┌────────

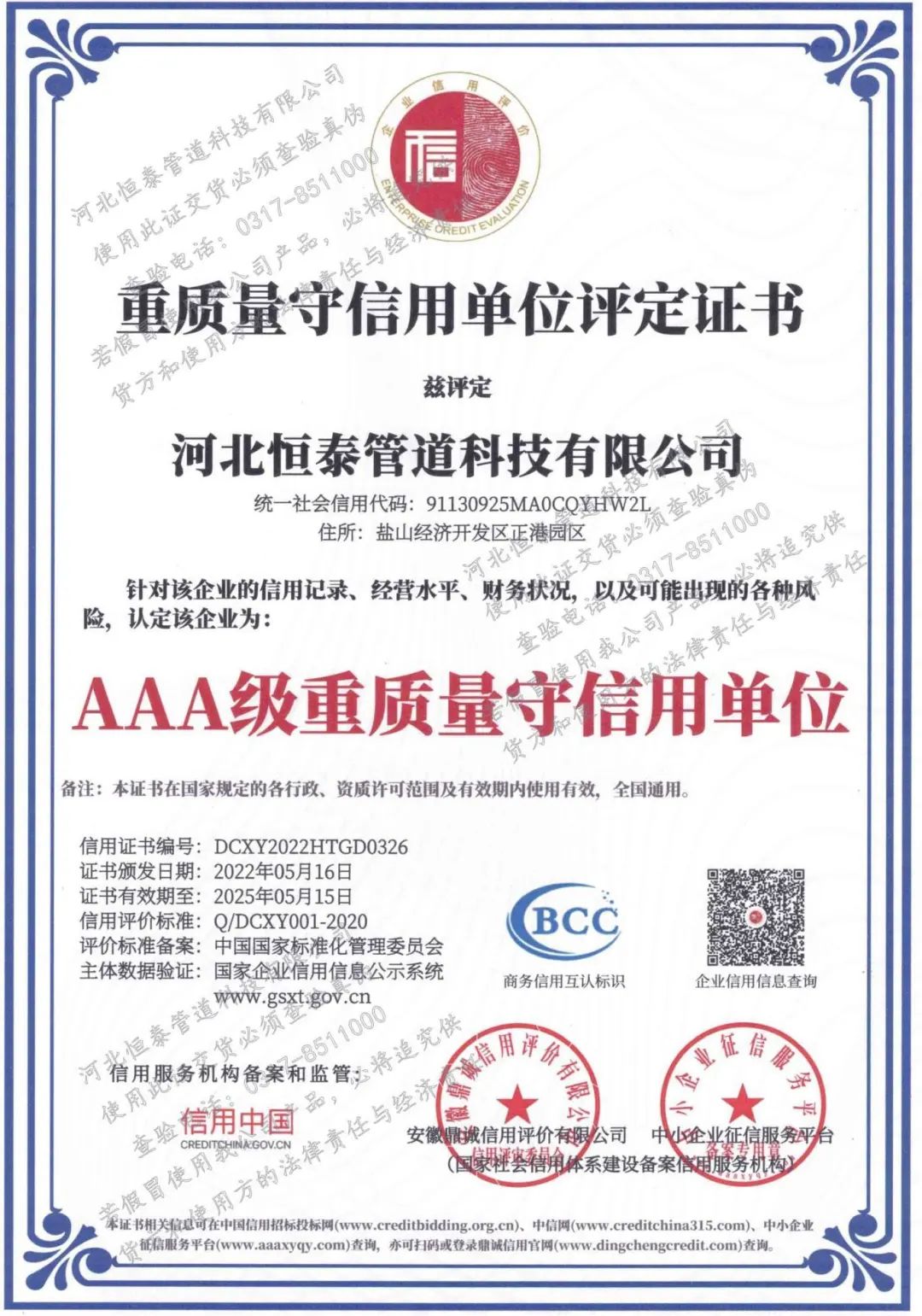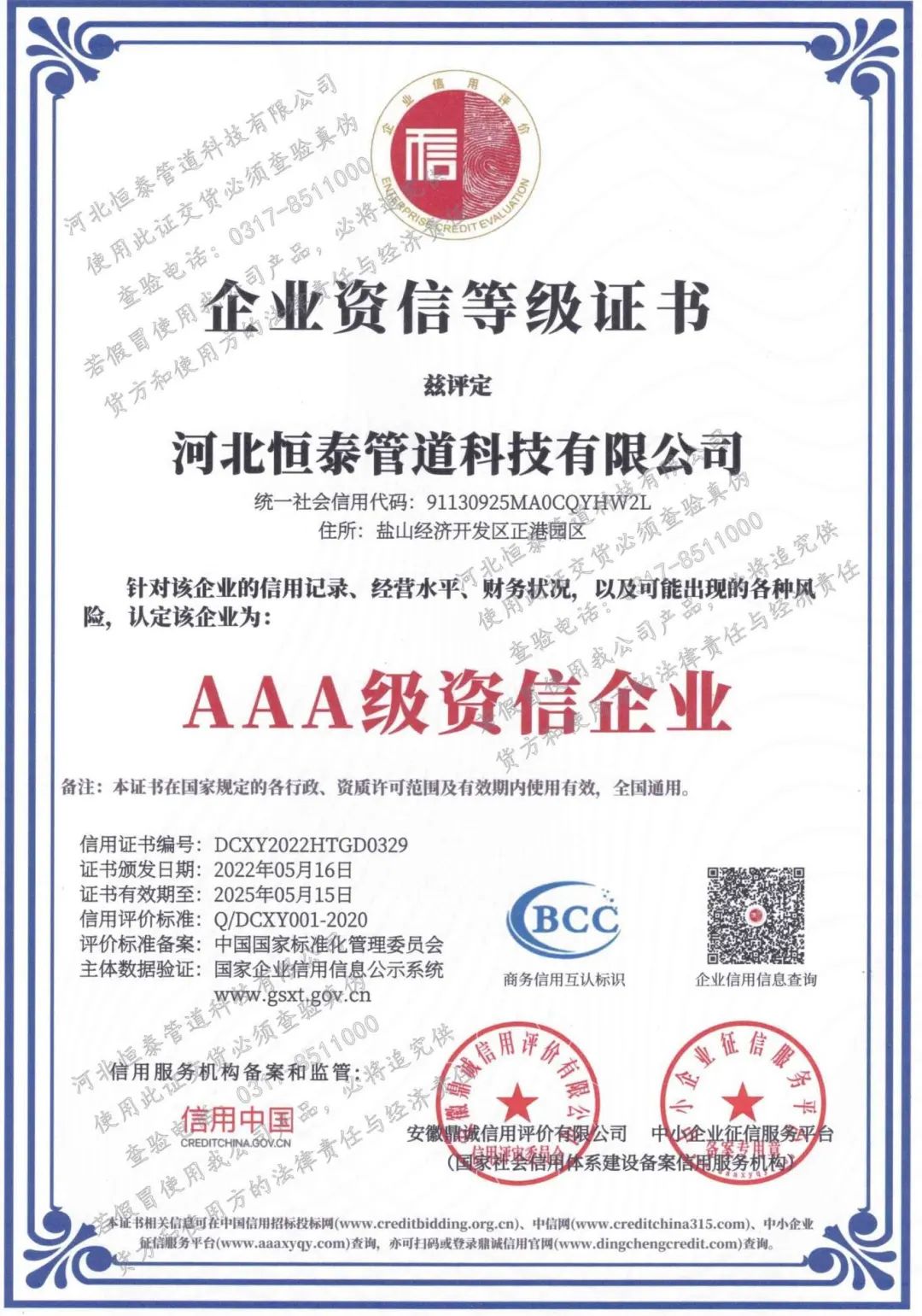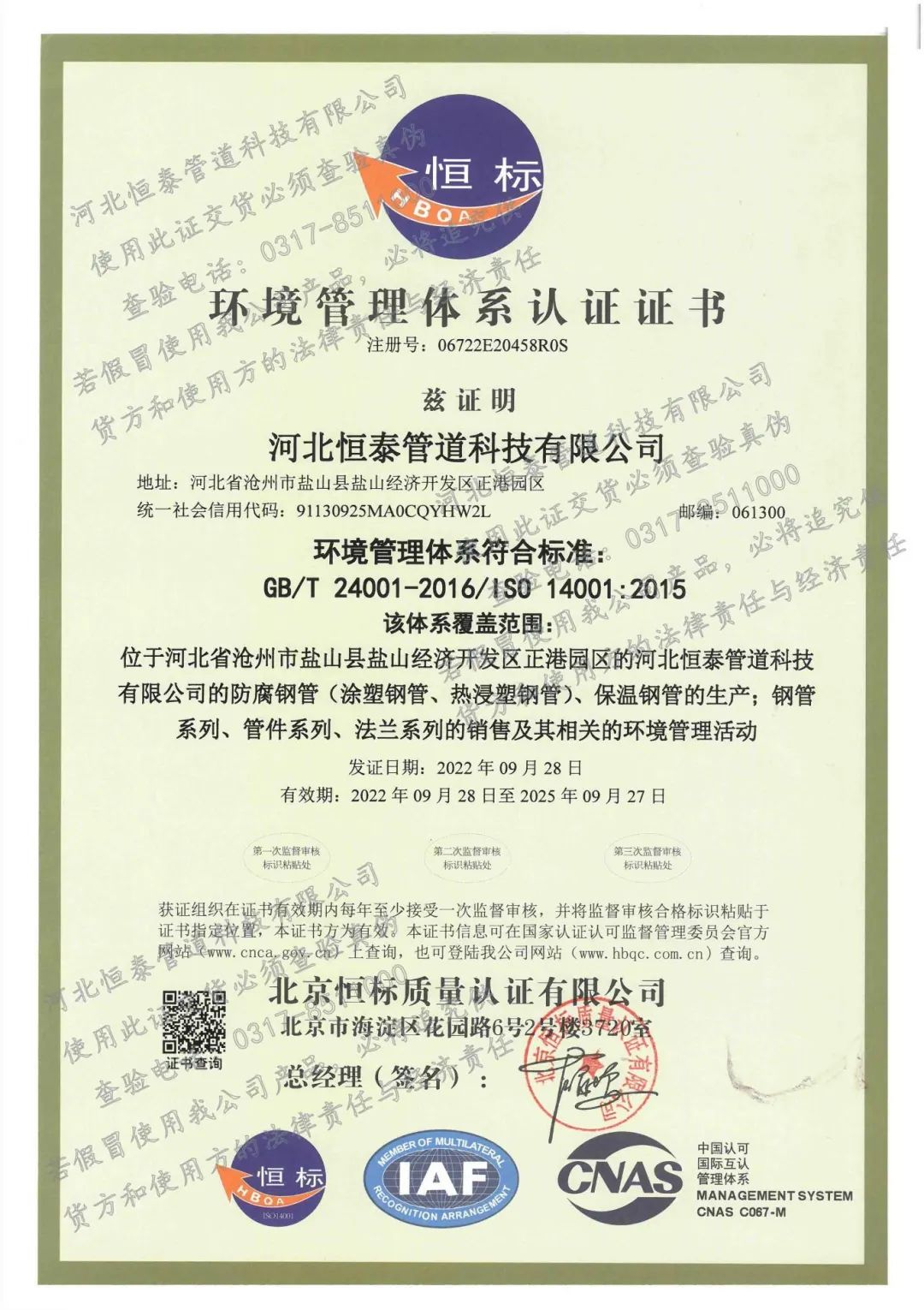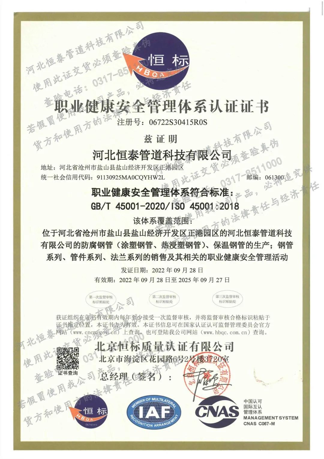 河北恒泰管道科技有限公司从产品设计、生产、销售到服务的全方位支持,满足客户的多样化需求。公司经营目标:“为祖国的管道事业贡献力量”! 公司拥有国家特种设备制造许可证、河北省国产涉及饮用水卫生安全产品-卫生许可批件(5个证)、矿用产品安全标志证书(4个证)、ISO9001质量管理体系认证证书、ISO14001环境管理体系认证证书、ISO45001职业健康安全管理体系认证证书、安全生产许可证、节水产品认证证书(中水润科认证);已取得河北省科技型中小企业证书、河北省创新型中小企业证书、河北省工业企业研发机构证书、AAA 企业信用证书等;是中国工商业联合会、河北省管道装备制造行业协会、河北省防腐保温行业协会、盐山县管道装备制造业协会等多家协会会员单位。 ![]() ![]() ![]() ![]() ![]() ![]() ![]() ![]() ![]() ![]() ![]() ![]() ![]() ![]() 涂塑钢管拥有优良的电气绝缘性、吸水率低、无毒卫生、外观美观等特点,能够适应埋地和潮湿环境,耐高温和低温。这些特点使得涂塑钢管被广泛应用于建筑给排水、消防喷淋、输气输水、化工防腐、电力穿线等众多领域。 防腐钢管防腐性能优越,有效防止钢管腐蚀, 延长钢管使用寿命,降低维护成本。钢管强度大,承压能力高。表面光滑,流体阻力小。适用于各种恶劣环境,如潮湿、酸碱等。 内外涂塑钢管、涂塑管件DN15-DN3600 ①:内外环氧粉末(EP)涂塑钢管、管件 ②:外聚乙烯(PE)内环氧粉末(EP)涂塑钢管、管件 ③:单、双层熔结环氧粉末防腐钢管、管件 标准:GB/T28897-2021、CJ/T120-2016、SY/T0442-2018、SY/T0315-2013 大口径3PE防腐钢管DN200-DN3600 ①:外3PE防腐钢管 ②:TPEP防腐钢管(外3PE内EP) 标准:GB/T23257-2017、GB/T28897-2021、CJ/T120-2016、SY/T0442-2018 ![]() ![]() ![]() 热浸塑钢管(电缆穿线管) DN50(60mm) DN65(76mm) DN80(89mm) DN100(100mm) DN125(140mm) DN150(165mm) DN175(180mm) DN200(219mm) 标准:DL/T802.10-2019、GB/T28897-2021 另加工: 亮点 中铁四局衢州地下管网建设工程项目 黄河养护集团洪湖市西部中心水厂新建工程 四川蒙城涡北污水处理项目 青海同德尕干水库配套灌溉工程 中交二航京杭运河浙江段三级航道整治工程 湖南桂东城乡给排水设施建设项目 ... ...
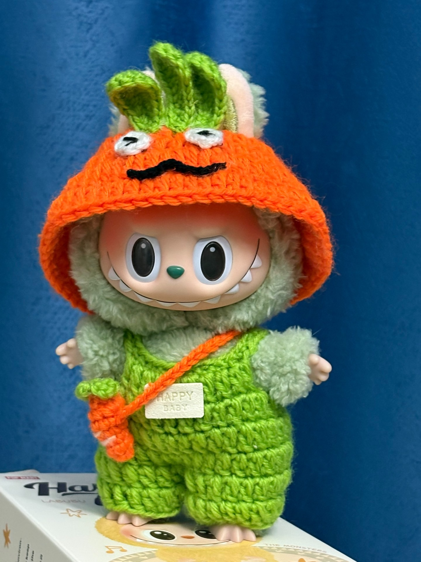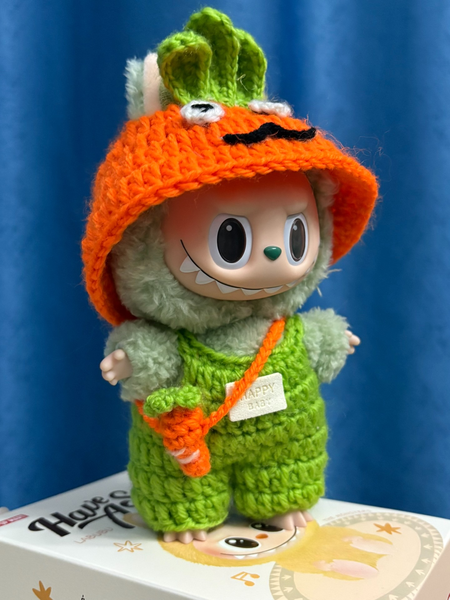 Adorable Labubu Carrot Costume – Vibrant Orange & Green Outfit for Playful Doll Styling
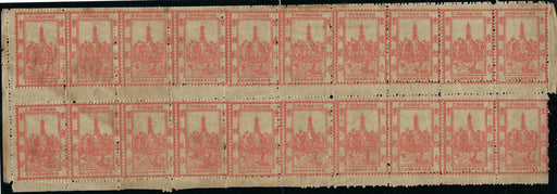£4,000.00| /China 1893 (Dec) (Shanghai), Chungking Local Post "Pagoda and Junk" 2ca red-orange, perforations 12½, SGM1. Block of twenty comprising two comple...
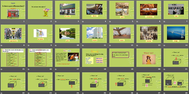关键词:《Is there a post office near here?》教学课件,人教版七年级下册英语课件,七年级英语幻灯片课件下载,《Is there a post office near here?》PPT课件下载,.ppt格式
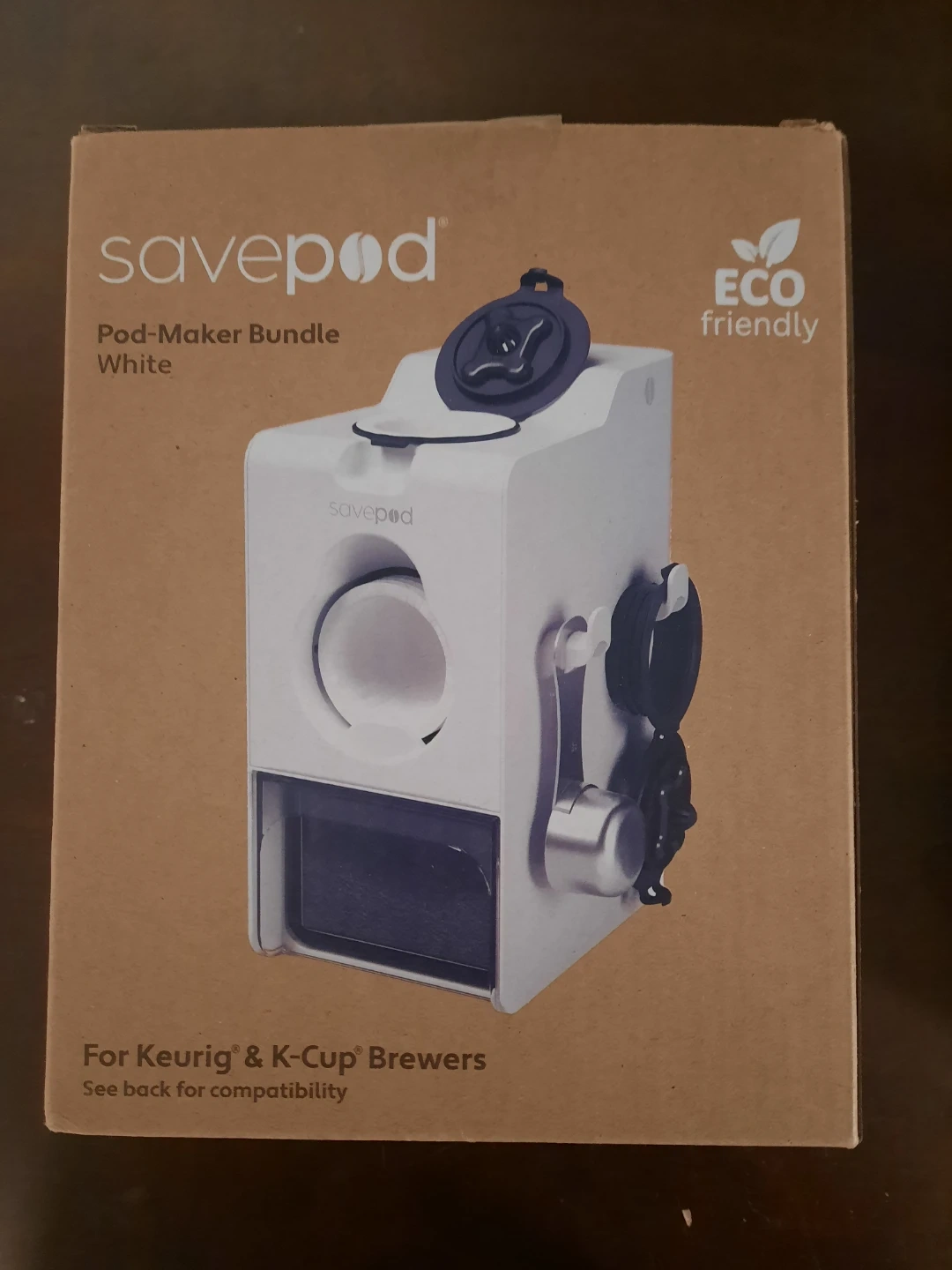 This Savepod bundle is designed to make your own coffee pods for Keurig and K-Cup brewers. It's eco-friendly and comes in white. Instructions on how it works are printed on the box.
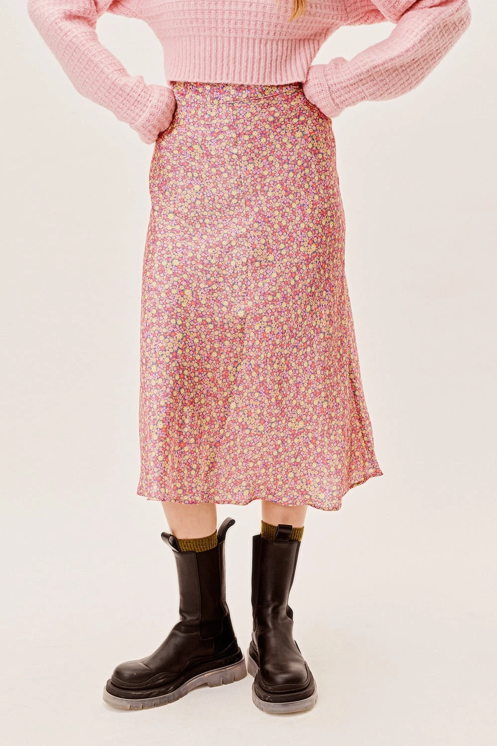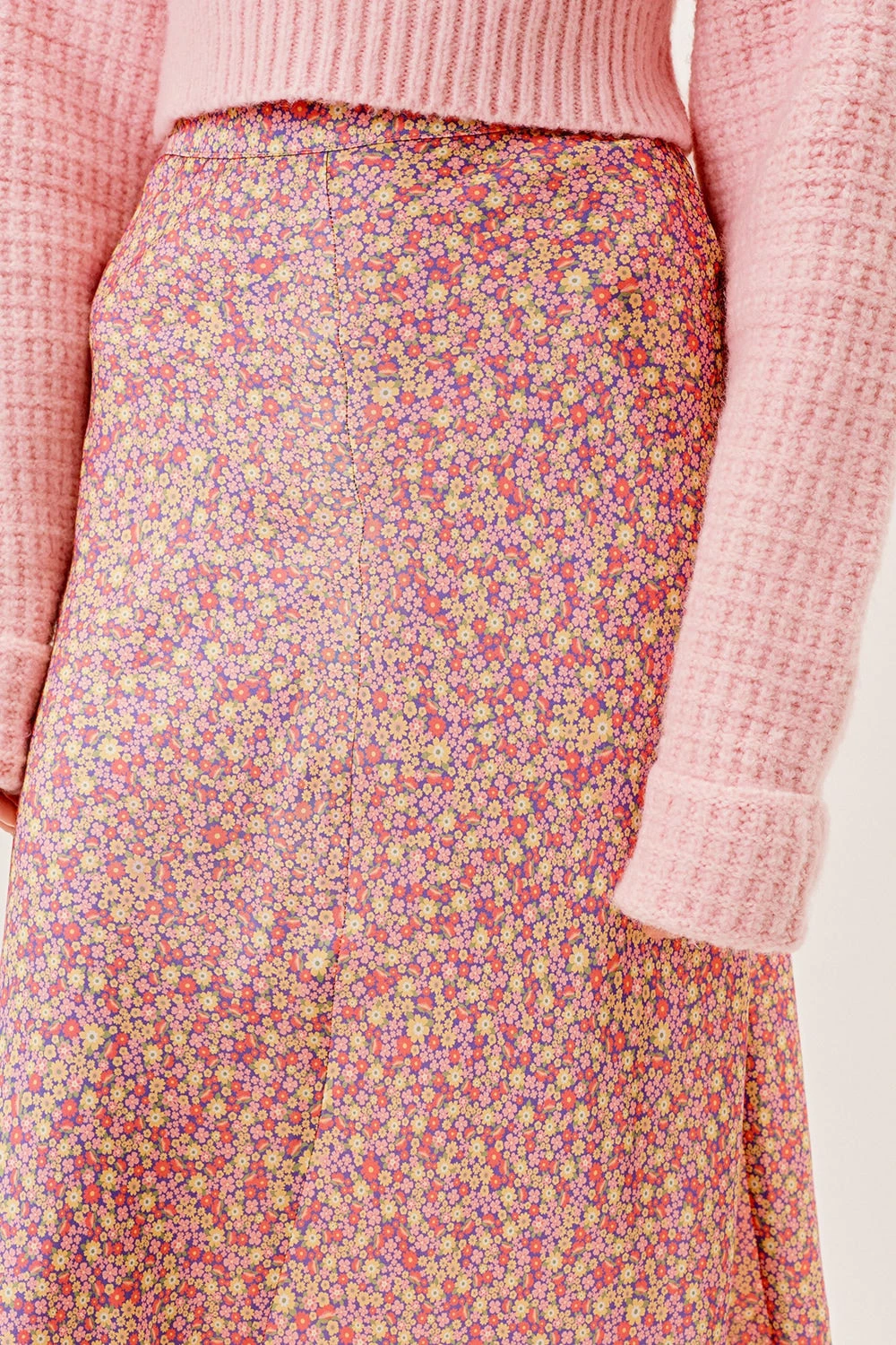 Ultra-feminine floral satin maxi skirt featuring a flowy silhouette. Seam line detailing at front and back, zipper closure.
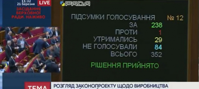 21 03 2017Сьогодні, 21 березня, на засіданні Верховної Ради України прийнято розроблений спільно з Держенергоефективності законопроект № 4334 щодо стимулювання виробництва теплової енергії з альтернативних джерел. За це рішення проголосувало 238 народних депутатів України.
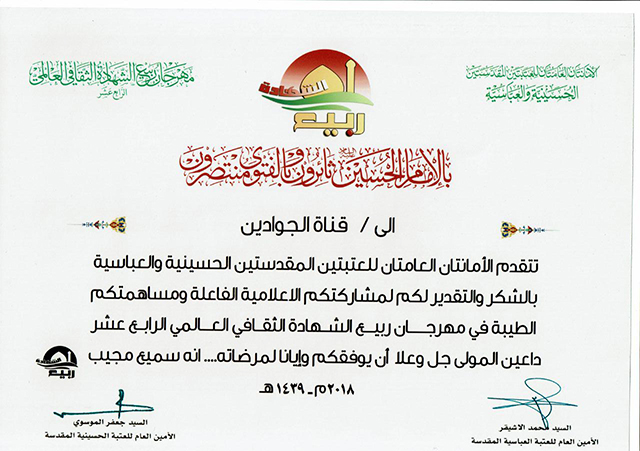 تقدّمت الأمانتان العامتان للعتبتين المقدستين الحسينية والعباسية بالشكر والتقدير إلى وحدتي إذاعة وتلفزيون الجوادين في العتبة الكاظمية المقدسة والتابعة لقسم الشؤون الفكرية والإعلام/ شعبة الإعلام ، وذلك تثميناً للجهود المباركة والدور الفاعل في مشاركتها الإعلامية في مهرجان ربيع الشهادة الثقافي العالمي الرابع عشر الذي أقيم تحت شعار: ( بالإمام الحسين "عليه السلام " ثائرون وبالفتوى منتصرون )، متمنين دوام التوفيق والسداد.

└────────

Task prompt
So that the copy stays exact, reproduce each record word for word and leave its images out.

Response to this exercise
 河北恒泰管道科技有限公司从产品设计、生产、销售到服务的全方位支持,满足客户的多样化需求。公司经营目标:“为祖国的管道事业贡献力量”! 公司拥有国家特种设备制造许可证、河北省国产涉及饮用水卫生安全产品-卫生许可批件(5个证)、矿用产品安全标志证书(4个证)、ISO9001质量管理体系认证证书、ISO14001环境管理体系认证证书、ISO45001职业健康安全管理体系认证证书、安全生产许可证、节水产品认证证书(中水润科认证);已取得河北省科技型中小企业证书、河北省创新型中小企业证书、河北省工业企业研发机构证书、AAA 企业信用证书等;是中国工商业联合会、河北省管道装备制造行业协会、河北省防腐保温行业协会、盐山县管道装备制造业协会等多家协会会员单位。 ![]() ![]() ![]() ![]() ![]() ![]() ![]() ![]() ![]() ![]() ![]() ![]() ![]() ![]() 涂塑钢管拥有优良的电气绝缘性、吸水率低、无毒卫生、外观美观等特点,能够适应埋地和潮湿环境,耐高温和低温。这些特点使得涂塑钢管被广泛应用于建筑给排水、消防喷淋、输气输水、化工防腐、电力穿线等众多领域。 防腐钢管防腐性能优越,有效防止钢管腐蚀, 延长钢管使用寿命,降低维护成本。钢管强度大,承压能力高。表面光滑,流体阻力小。适用于各种恶劣环境,如潮湿、酸碱等。 内外涂塑钢管、涂塑管件DN15-DN3600 ①:内外环氧粉末(EP)涂塑钢管、管件 ②:外聚乙烯(PE)内环氧粉末(EP)涂塑钢管、管件 ③:单、双层熔结环氧粉末防腐钢管、管件 标准:GB/T28897-2021、CJ/T120-2016、SY/T0442-2018、SY/T0315-2013 大口径3PE防腐钢管DN200-DN3600 ①:外3PE防腐钢管 ②:TPEP防腐钢管(外3PE内EP) 标准:GB/T23257-2017、GB/T28897-2021、CJ/T120-2016、SY/T0442-2018 ![]() ![]() ![]() 热浸塑钢管(电缆穿线管) DN50(60mm) DN65(76mm) DN80(89mm) DN100(100mm) DN125(140mm) DN150(165mm) DN175(180mm) DN200(219mm) 标准:DL/T802.10-2019、GB/T28897-2021 另加工: 亮点 中铁四局衢州地下管网建设工程项目 黄河养护集团洪湖市西部中心水厂新建工程 四川蒙城涡北污水处理项目 青海同德尕干水库配套灌溉工程 中交二航京杭运河浙江段三级航道整治工程 湖南桂东城乡给排水设施建设项目 ... ...
 Adorable Labubu Carrot Costume – Vibrant Orange & Green Outfit for Playful Doll Styling
£4,000.00| /China 1893 (Dec) (Shanghai), Chungking Local Post "Pagoda and Junk" 2ca red-orange, perforations 12½, SGM1. Block of twenty comprising two comple...
关键词:《Is there a post office near here?》教学课件,人教版七年级下册英语课件,七年级英语幻灯片课件下载,《Is there a post office near here?》PPT课件下载,.ppt格式
 This Savepod bundle is designed to make your own coffee pods for Keurig and K-Cup brewers. It's eco-friendly and comes in white. Instructions on how it works are printed on the box.
 Ultra-feminine floral satin maxi skirt featuring a flowy silhouette. Seam line detailing at front and back, zipper closure.
 21 03 2017Сьогодні, 21 березня, на засіданні Верховної Ради України прийнято розроблений спільно з Держенергоефективності законопроект № 4334 щодо стимулювання виробництва теплової енергії з альтернативних джерел. За це рішення проголосувало 238 народних депутатів України.
 تقدّمت الأمانتان العامتان للعتبتين المقدستين الحسينية والعباسية بالشكر والتقدير إلى وحدتي إذاعة وتلفزيون الجوادين في العتبة الكاظمية المقدسة والتابعة لقسم الشؤون الفكرية والإعلام/ شعبة الإعلام ، وذلك تثميناً للجهود المباركة والدور الفاعل في مشاركتها الإعلامية في مهرجان ربيع الشهادة الثقافي العالمي الرابع عشر الذي أقيم تحت شعار: ( بالإمام الحسين "عليه السلام " ثائرون وبالفتوى منتصرون )، متمنين دوام التوفيق والسداد.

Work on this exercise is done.